You might also like: Scientist Used AI to Heal Her Childhood Trauma
Right off the bat, the software giant acknowledged that bad actors would immediately consider using VALL-E for fraudulent applications. For this critical reason, it has decided to delay the public beta release of the tool.
Furthermore, it is not yet clear if Microsoft is also developing a counter program to VALL-E, which could help the public identify and catch voices manipulated by its own sophisticated tool.
The Threats Of AI Voice Synthesizers
Real-Life Fraud Applications
Even before the public became aware of VALL-E, cybercriminals have been using AI-manipulated voices or “deepfake” audio clips to conduct audacious and successful heists.
And with these tools’ proven capabilities, we can only imagine how bad actors would use Microsoft’s tool for their ambitious, bold, and remote attacks.
Take a look at how cybercriminals have been experimenting with these sophisticated AI tools so far.
In March 2019, cybercriminals utilized an AI-powered speech synthesizer to clone a German chief executive’s voice and called his counterpart in the United Kingdom to transfer $243,000.
Hackers were successful on the first fund transfer but failed in their second attempt to funnel more money.
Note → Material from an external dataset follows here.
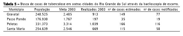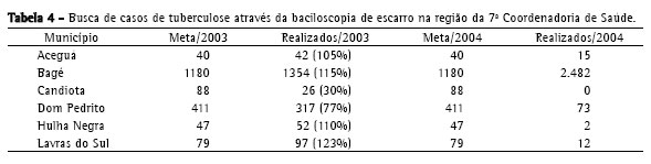 Nos últimos quatro anos, a busca de casos de tuberculose em Bagé teve aumento significativo, chegando a superar a meta nos dois últimos anos. Ao mesmo tempo em que isso ocorreu, o número de novos casos diminuiu. A superação das metas nos leva a considerar que alguns fatores sejam os responsáveis, como a procura e divulgação do serviço no município e a busca ativa por novos casos, de boa qualidade. Para fins de comparação, têm-se as metas de 2003 e 2004 dos Municípios que compõem a 7ª Coordenadoria Regional de Saúde(15) (Tabela 4). Pode-se observar que Bagé foi o único município que conseguiu atingir a meta (investigar 1% da população através da baciloscopia direta de escarro) estipulada pelo Ministério da Saúde em 2003 e em 2004. Esse fator também foi observado em relação a outros municípios considerados prioridade em tuberculose no Rio Grande do Sul, onde se averiguou que nenhum destes municípios havia realizado o número mínimo necessário de exames(8,15) (Tabela 5).

The case is considered Europe’s first AI-based crime.
The speech cloning tech, which only existed previously in the realms of Mission Impossible and Detective Conan, has now slipped into the real world, finally teasing everyone about its possible benefits and dangers.
In 2020, cybercriminals successfully cloned a company director’s voice and used it to call a Hong Kong-based manager to transfer $35 million. Read that amount again.
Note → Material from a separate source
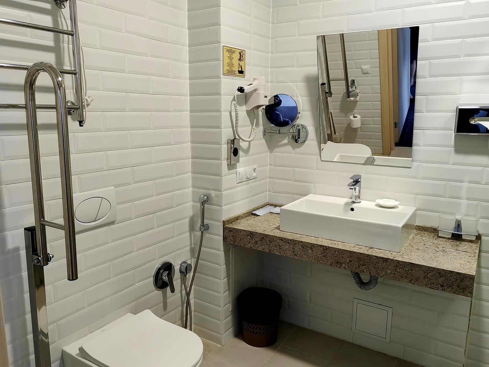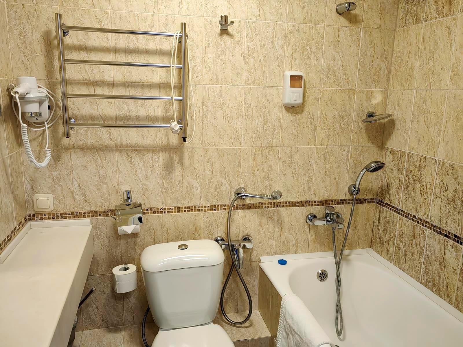 - стандарт (1-местный). Площадь 18 м2. В номере: односпальная кровать, шкаф, письменный стол, холодильник, ЖК-телевизор, чайная станция. На всей территории отеля действует бесплатный Wi-Fi. Для Вашего комфорта бесплатно предоставляются тапочки, мыло, гель для душа, шампунь, шапочка для душа, зубной и швейный набор.

The “man” on the phone was so believable that the manager didn’t think twice about transferring the multi-million dollar amount.
While these two AI-driven heists (if you could call it that) have become successful, the next one has fortunately flopped thanks to an employee’s quick thinking.
In July 2020, Nisos, a cyber security firm, investigated a case involving a manipulated audio sent to an employee of a tech company. In the voicemail, the “CEO” asked an employee to call back to settle an urgent business deal.
Fortunately, the employee found the message suspicious and immediately sent a report to the company’s legal department.
On one side, the outcome of this incident was welcome news, as it saved the tech company from a fraudulent and potentially disastrous deal. But this scenario also showed that an increasing number of cybercriminals are already experimenting with AI-powered tools to conduct heists on vulnerable victims.
Potentially Destructive Applications
We’ve already seen how voice synthesizers that are less sophisticated than VALL-E can cause havoc for several companies. With the success of these AI-powered heists, we should already expect that cybercriminals would attempt to repeat these types of attacks.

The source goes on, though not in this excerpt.